Although Douglas Petroski, an independent medical examiner, testified that claimant sustained a causally-related right shoulder injury, it was based upon the information about the fall as provided by claimant, as well as the corresponding information reflected in the medical records. However, Petroski also testified that his opinion as to the causality of the right shoulder injury would be different if the history in the April 4, 2015 medical report noting that claimant injured his right shoulder while performing overhead, light-duty work is truthful as it was inconsistent with the information relayed by claimant. Further, Matthew Notziger, claimant's orthopedic surgeon, testified that the right shoulder injury was present prior to claimant's work-related fall and that the overhead reaching component would contribute to his right shoulder symptoms. Although there was testimony that could support a finding that the right shoulder injury was causally-related to the work-related fall, the Board was free to reject any portion of the medical testimony presented, and it did not, as asserted by claimant, fashion its own medical opinion.

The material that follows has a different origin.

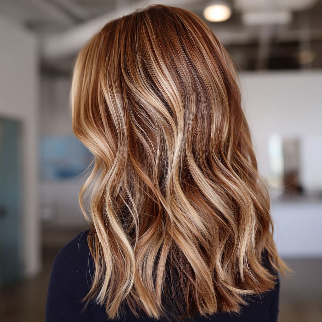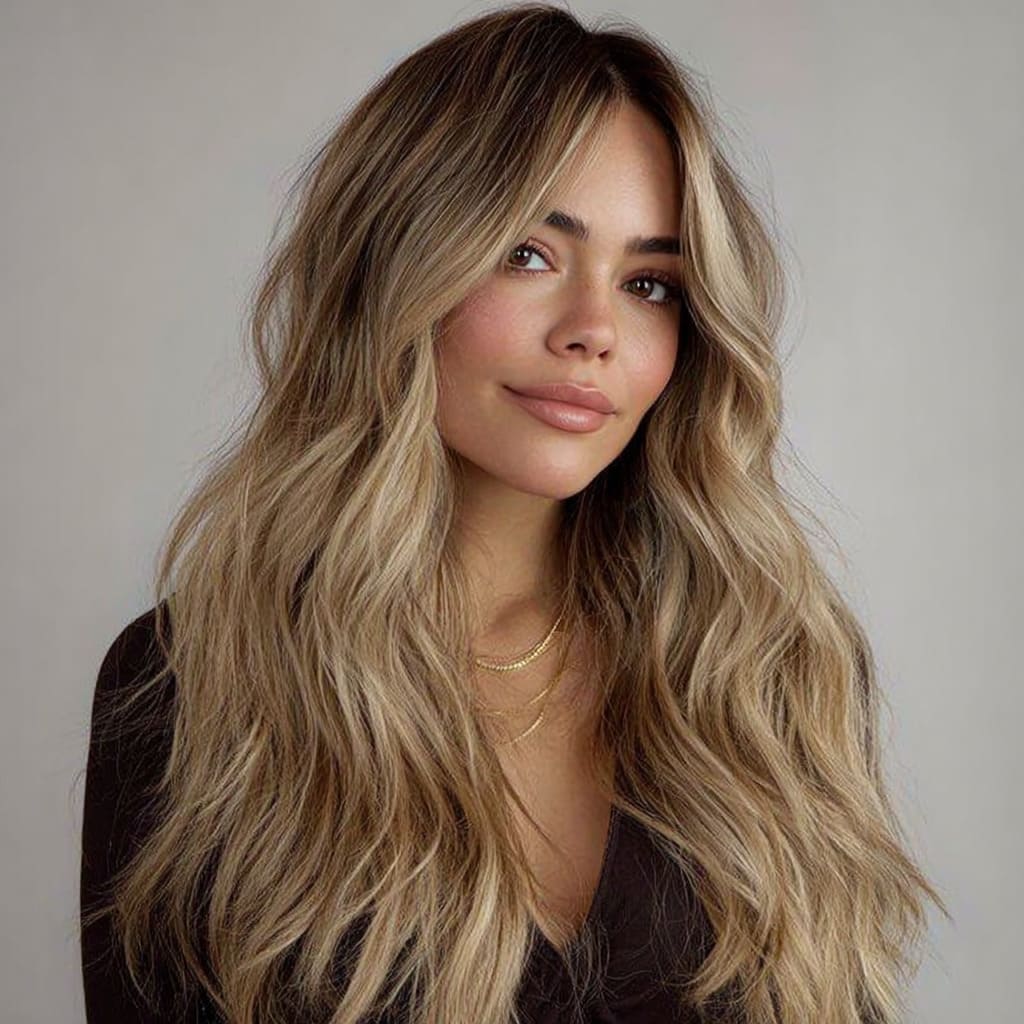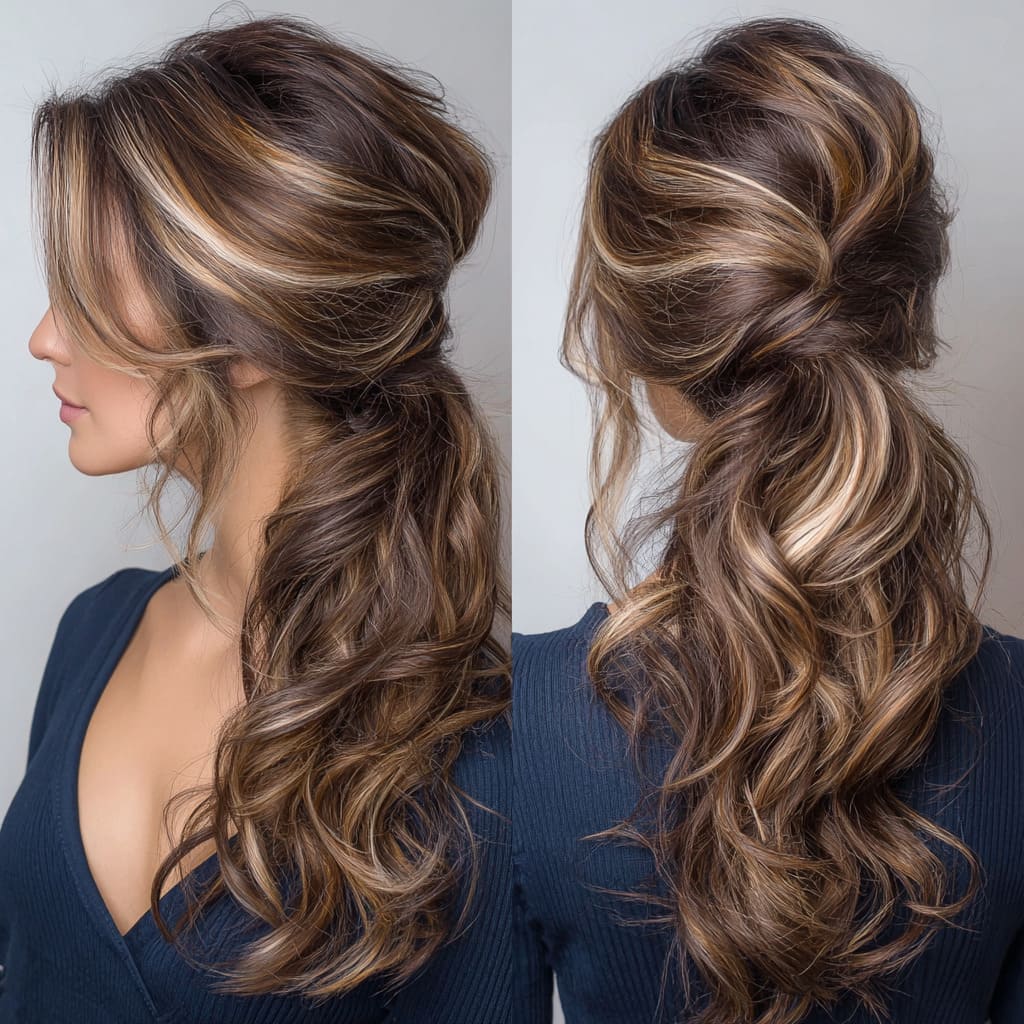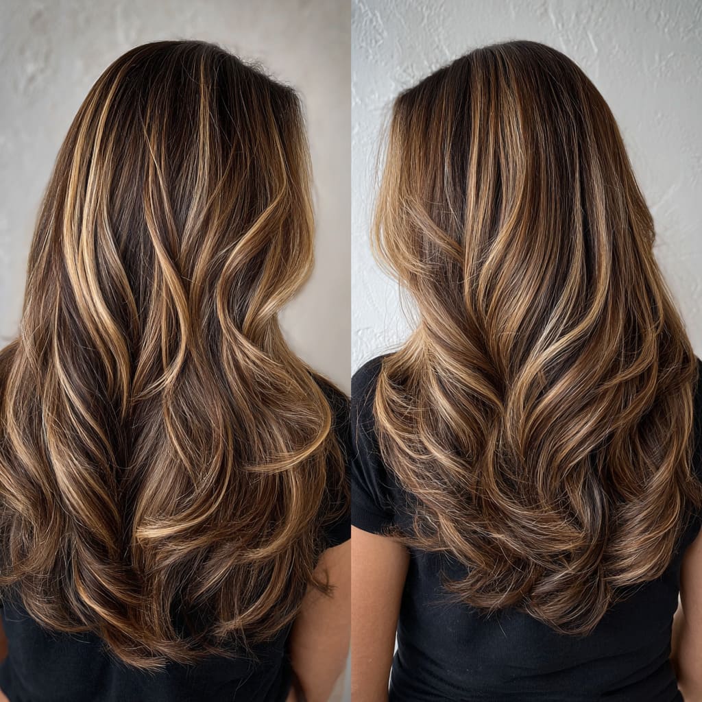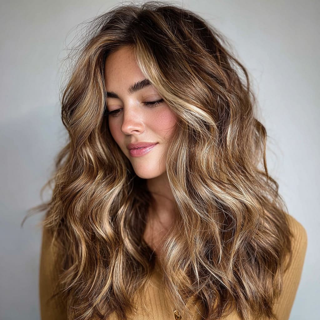 Chunky highlights paired with loose waves create a gorgeous beachy vibe. The lighter streaks catch the light with every movement. It’s casual, pretty, and perfect for laid-back styles. A great choice for anyone who loves effortless glam.

It is within the Board's province to assess the credibility of the testimony and medical evidence presented (see Matter of Corina-Chernosky v Dormitory Auth. of State of N.Y., 157 AD3d at 1069; Matter of Conyers v Van Rensselaer Manor, 80 AD3d 914, 916 [2011]; Matter of Dempster v United Parcel Serv., 280 AD2d 722, 723 [2001]). Because the medical opinions were based upon the credibility and accuracy of the manner in which claimant fell, as well as the nature of the light-duty work performed by claimant, and given that claimant offered different versions of the nature of his fall, we find that substantial evidence supports the Board's finding that claimant failed to meet his burden of establishing that the right shoulder injury was causally-related to the work-related incident (see Matter of Eber v Jawanio, Inc., 85 AD3d 1520, 1522 [2011]; Matter of Senecal v Bendix, 29 AD3d 1232, 1233 [2006]; Matter of Albert v Miracle Makers of Bedford Stuyvesant HFDC, Inc., 13 AD3d 925, 926 [2004]; Matter of Hall v Supreme Skein Dyeing Corp., 21 AD2d 922, 922 [1964]).

Garry, P.J., Devine, Clark and Aarons, JJ., concur. Ordered that the decision is affirmed, without costs.